## Problem details
Only the lines from the one containing "316L orvosi rozsdamentes" through the end of the entries should be returned, exactly as they are, with the pictures omitted.

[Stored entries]
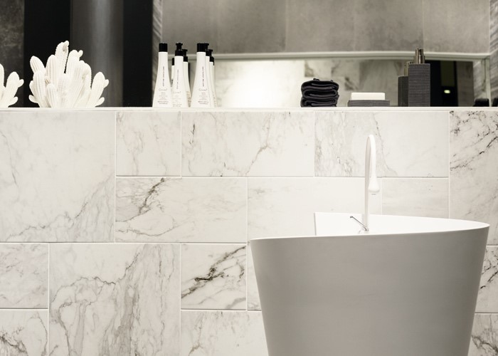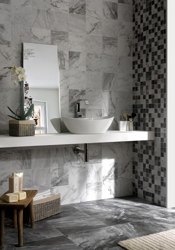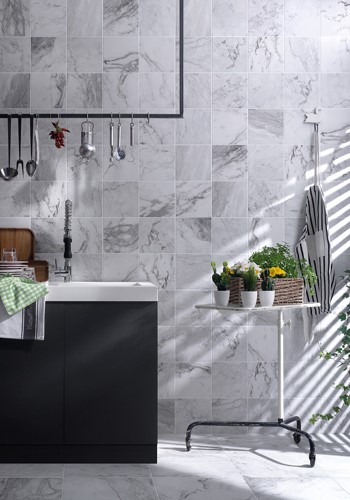 Appian Stones is an upscale Italian porcelain tile series that showcases the beautiful veining patterns of four elegant Italian marble stone looks in a consistent white or black color tone. Blending the look of Carrara Marble, Statuario Marble, Gioia Marble, and Venatino Marble, the series offers a singular, hard-to-copy expression of upscale Italian marble design for your room. Versatility is achieved with multiple porcelain tile sizes and a stunning collection of marble stone look mosaics.
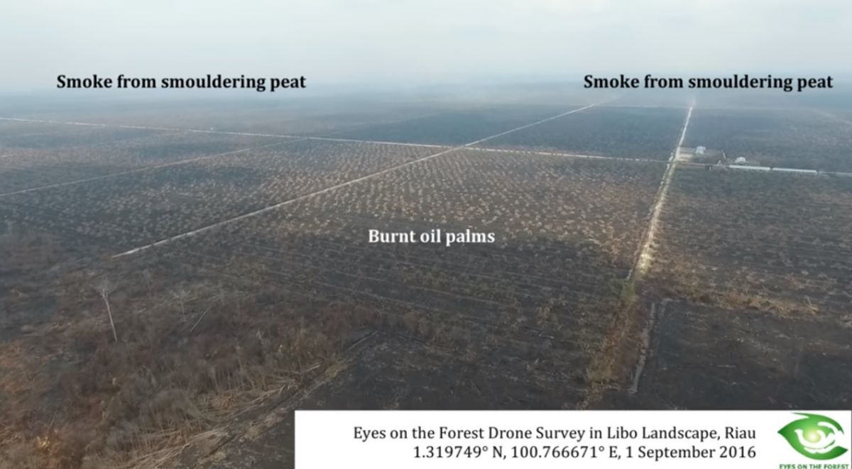 Using drones, EotF surveyed 10,000 hectares of APSL’s concession that had registered as hotspots in satellite imagery. The video footage shows enormous areas of burnt forests and peat surrounding area that is actively being used by APSL for palm oil plantations.
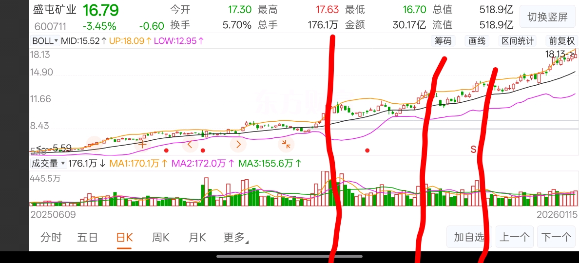 $盛屯矿业(SH600711)$ 放量对应一个高点,这次还没放量呢。
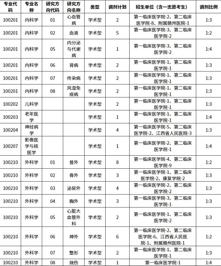 专硕总缺额统计:临床医学专硕合计缺额超 40 个,2 个核心方向复试比例低至 1:1.5,是今年南医调剂最大的福利!
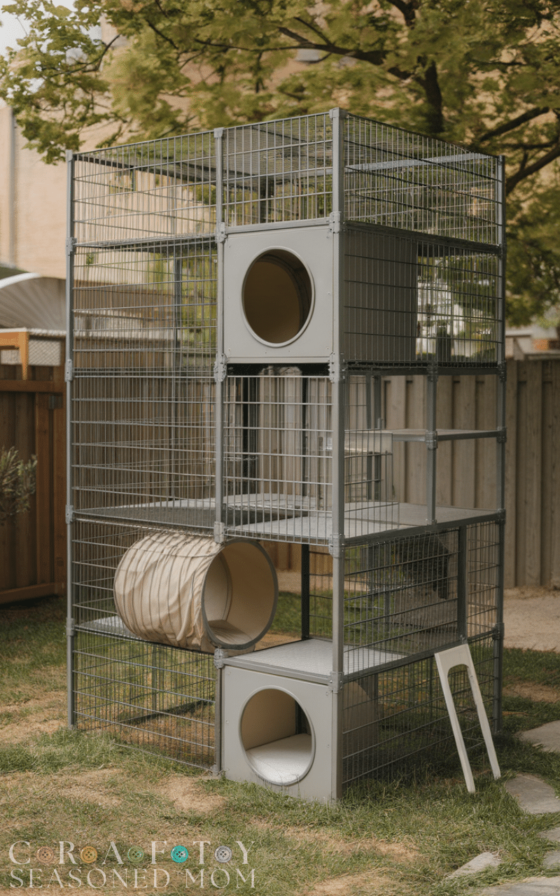 Modular catios are one of the best outdoor cat enclosure ideas because they allow you to build a customizable space for your cats. You can add tunnels, shelves, and even multiple levels depending on your backyard size. Modular designs are perfect for adjusting as your cat’s needs change, and they give your pets plenty of fresh air while keeping them safe from predators. With a modular outdoor cat enclosure, your cats can explore different sections without risking escape, making it both fun and practical for any cat-loving household.
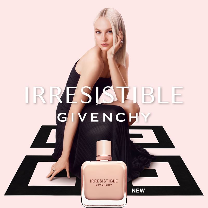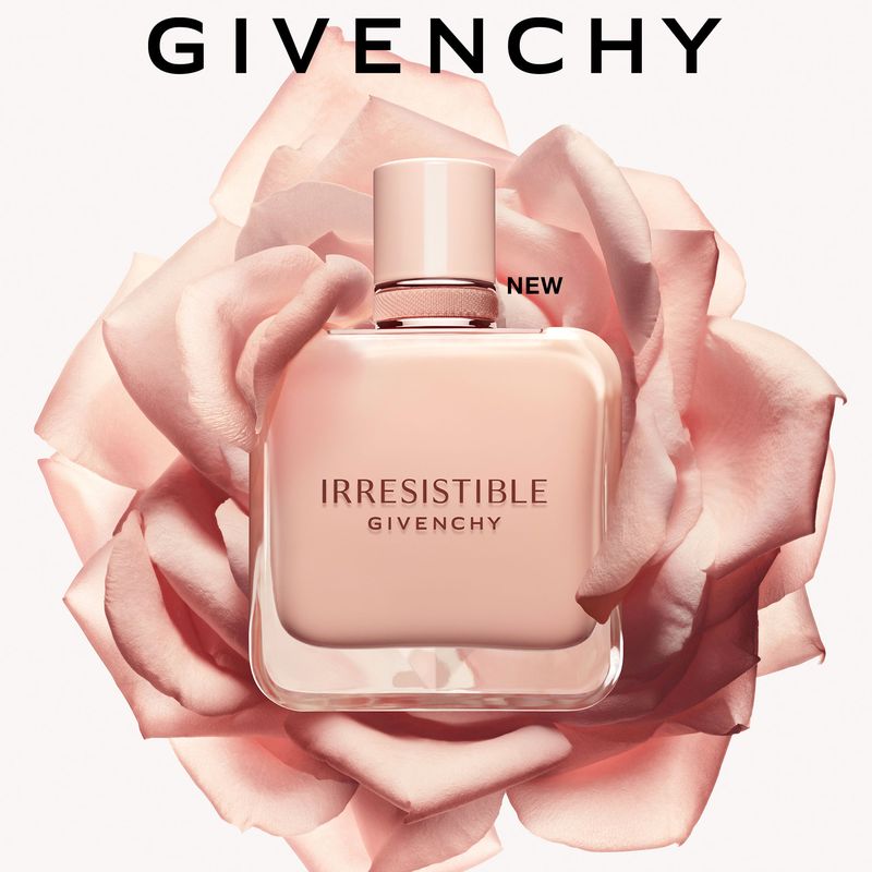 Más alta costura que nunca, el emblemático frasco con efecto prismático está adornado con el nuevo toque sofisticado de una tapa lacada rosa nude que muestra el icónico logotipo 4G de la Maison Givenchy. Imposible de resistir, Irresistible celebra sus múltiples facetas en un baile alegre y delicioso.
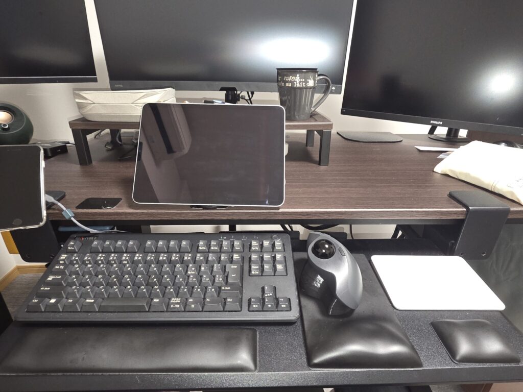 私のデスク環境は、奥行き66cmの机に31.5インチモニターや34インチウルトラワイドモニターを設置しているため、適切な視距離を確保するとキーボードを置くスペースが極端に限られてしまいます。
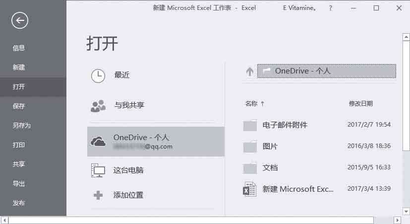 4 当需要再次打开文件时,同样在【文件】选项卡中,选择【打开】选项卡,在打开的界面中选择【OneDrive-个人】选项。
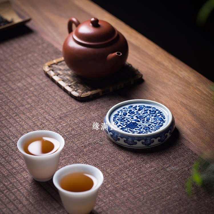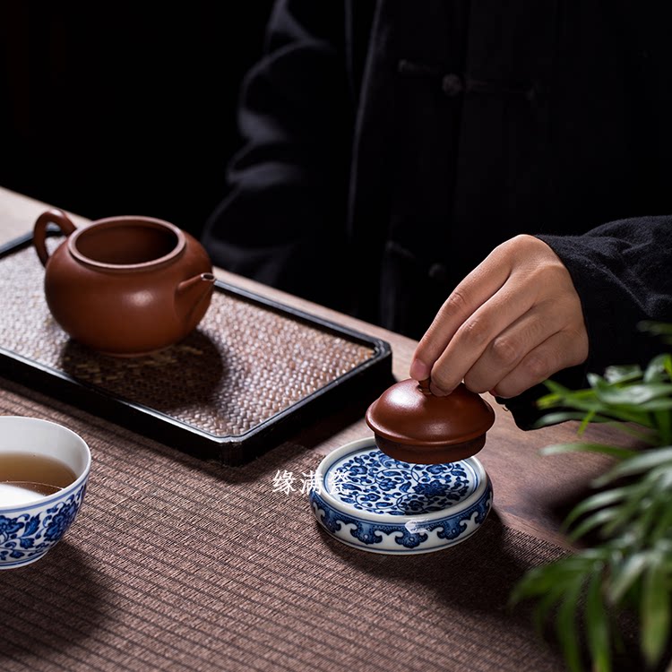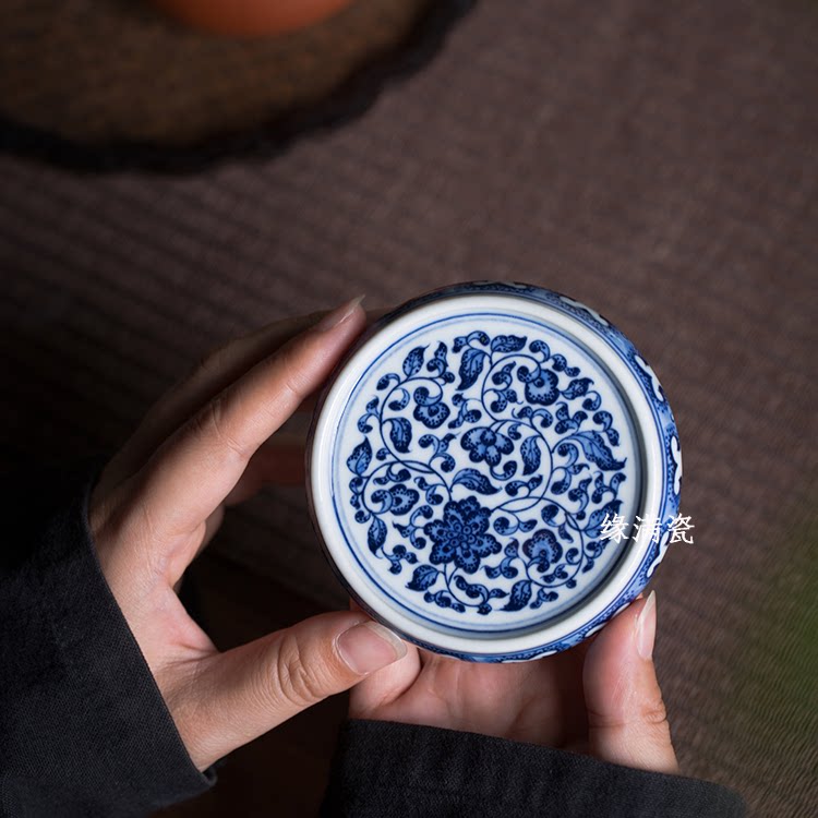 Jingdei Town full of ceramic kung fu tea ceramic tea ceramic accessories hand-drawn blue flowers with lily wrapped lip cover
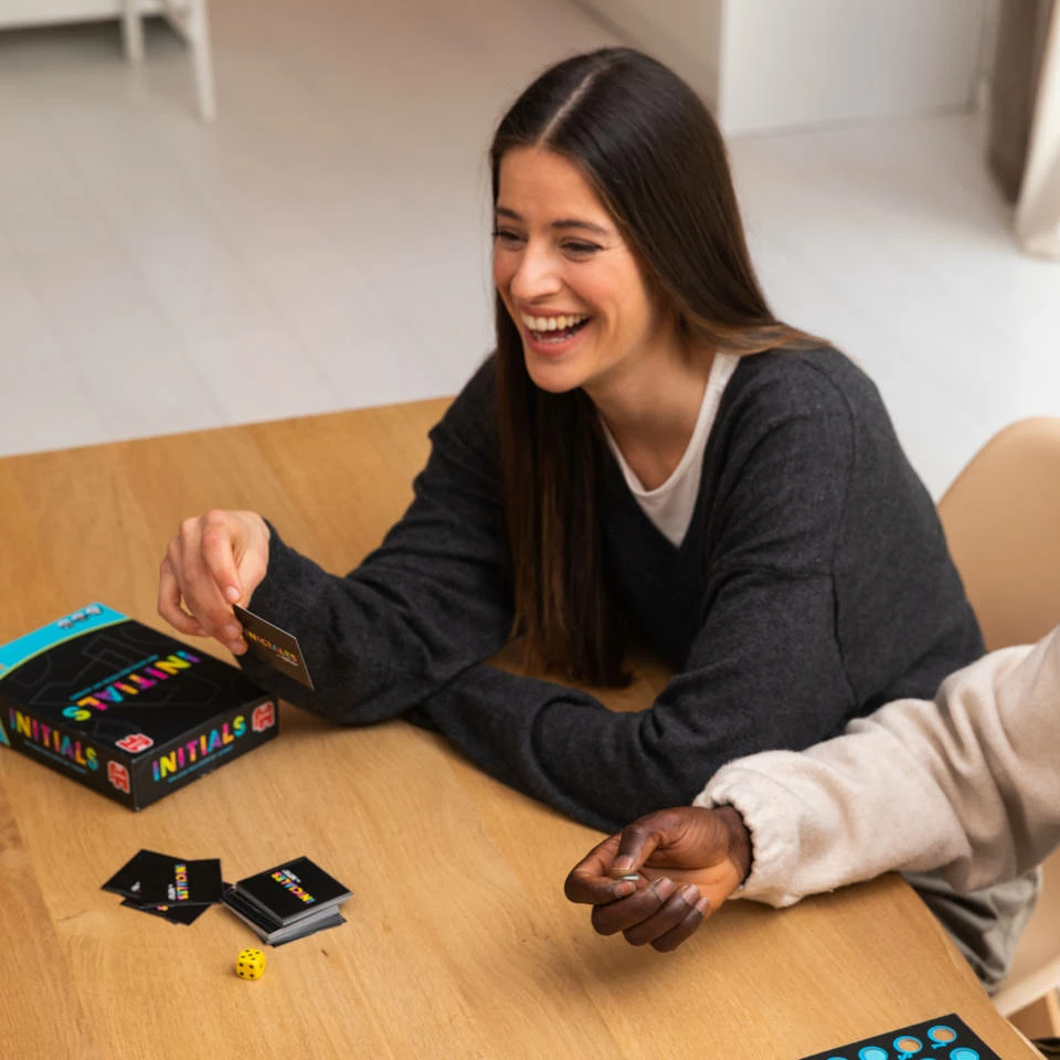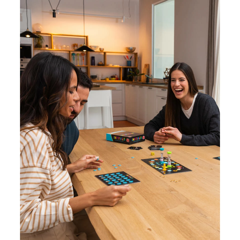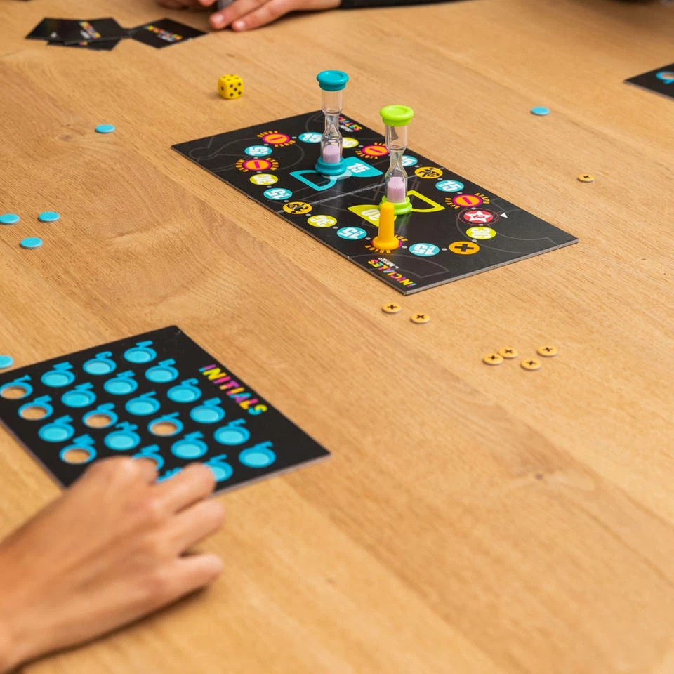 Dit Party & Co Initials partyspel laat je op een leuke manier je woordenschat testen. Zie zoveel mogelijk woorden te bedenken met de verschillende letters van het alfabet. Op die manier win je een fiche en kun je het letterbord van je team vullen. Maar let op: het andere team kan letters stelen en blokkades opleggen. Weten jij en jouw team de overwinning uit het vuur te slepen?
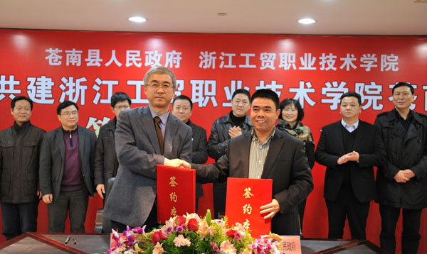 为更好地服务苍南县产业转型升级,创新办学体制和运行体制,苍南县县长董庆华和学院院长贺星岳代表双方签订合作办学协议。浙江工贸职业技术学院苍南学院属学院二级学院,以全日制学历教育为主,学制三年。同时开展成人教育、短期培训、技术研发等项目,建成融教学、培训、研发为一体的现代化职业院校。学院选址在龙港新城,规划用地面积1070亩,一次性规划,分三期建设到位。一期占地面积273亩,2013年启动建设工作;二期和三期占地面积分别为370亩和427亩。苍南学院将依托学院的优质学科为办学基础,面向苍南县经济支柱产业开设国际经济与管理、国际贸易实务、市场营销、包装技术与设计、印刷技术、物流管理、学前教育、电子技术应用、酒店与旅游管理、现代农业等专业。
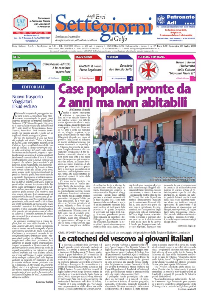 20 Luglio 2008 numeri del settimanale Settegiorni Settegiorni n. 27 del 20 luglio 2008 Clicca qui per leggere il numero in formato PDF CONDIVIDI SU
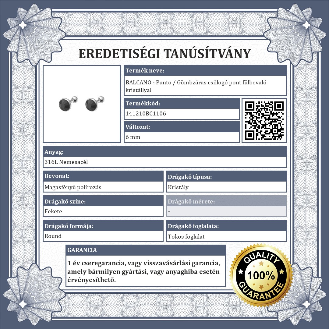 316L orvosi rozsdamentes acélból készült bedugós, pont fülbevaló. Csillogó, fekete színű kristállyal díszítve és menetes gömbzárral.
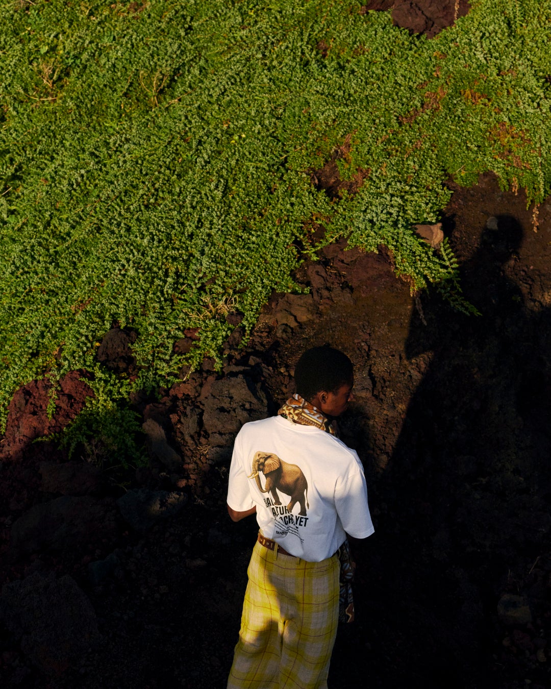 ケニアに生息するゾウ、シマウマ、ライオンのグラフィックを背中に大きくプリントした半袖Tシャツ。14番手の糸で織り上げたUSAコットン天竺を使用し、シャリ感のあるドライタッチと程よい肉感で、季節を問わず快適に着用できます。肩幅と身幅にゆとりを持たせ、ネックは身体に沿う設計でメリハリのあるシルエットに調整。裾のオリジナルピスネームがさりげないアクセントになっています。
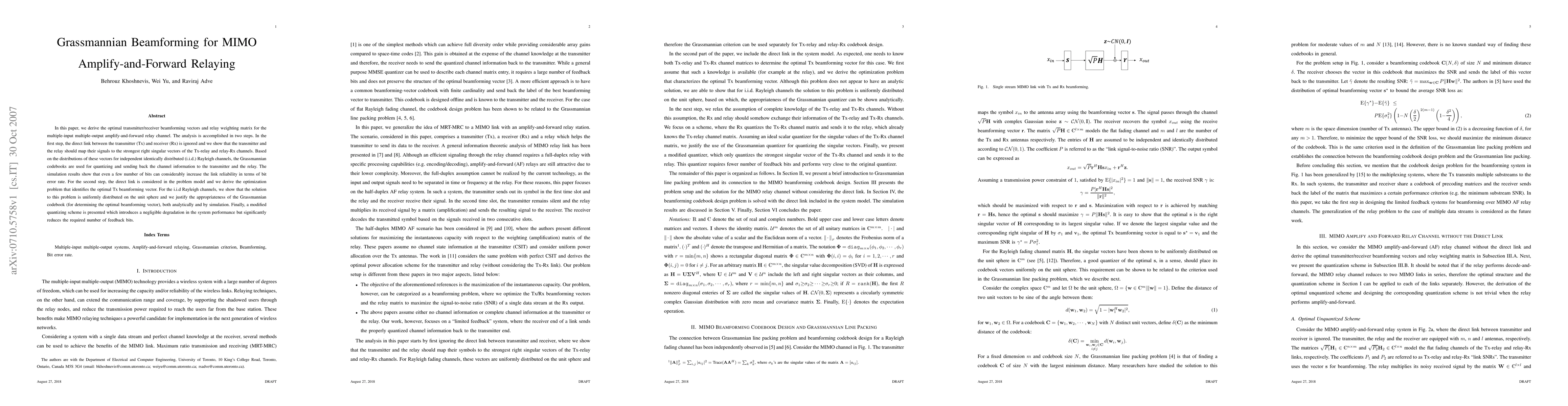 This paper develops optimal beamforming vectors and a relay weighting matrix for MIMO amplify-and-forward relaying, utilizing Grassmannian codebooks for channel information feedback. It shows that ignoring the direct link initially leads to mapping signals to the strongest singular vectors, while considering the direct link results in uniformly distributed optimal beamforming vectors on the unit sphere.
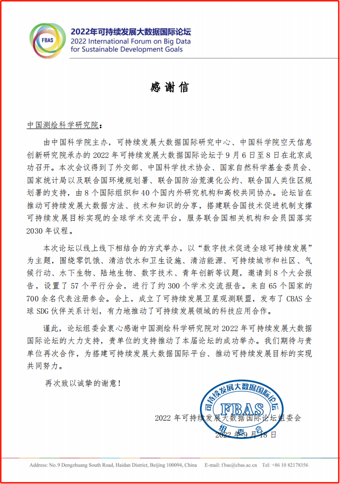 近日,2022年可持续发展大数据国际论坛组委会致函中国测绘科学研究院,感谢测科院对2022年可持续发展大数据国际论坛的大力支持,推动了论坛的成功举办。

## Solution to this problem
 316L orvosi rozsdamentes acélból készült bedugós, pont fülbevaló. Csillogó, fekete színű kristállyal díszítve és menetes gömbzárral.
 ケニアに生息するゾウ、シマウマ、ライオンのグラフィックを背中に大きくプリントした半袖Tシャツ。14番手の糸で織り上げたUSAコットン天竺を使用し、シャリ感のあるドライタッチと程よい肉感で、季節を問わず快適に着用できます。肩幅と身幅にゆとりを持たせ、ネックは身体に沿う設計でメリハリのあるシルエットに調整。裾のオリジナルピスネームがさりげないアクセントになっています。
 This paper develops optimal beamforming vectors and a relay weighting matrix for MIMO amplify-and-forward relaying, utilizing Grassmannian codebooks for channel information feedback. It shows that ignoring the direct link initially leads to mapping signals to the strongest singular vectors, while considering the direct link results in uniformly distributed optimal beamforming vectors on the unit sphere.
 近日,2022年可持续发展大数据国际论坛组委会致函中国测绘科学研究院,感谢测科院对2022年可持续发展大数据国际论坛的大力支持,推动了论坛的成功举办。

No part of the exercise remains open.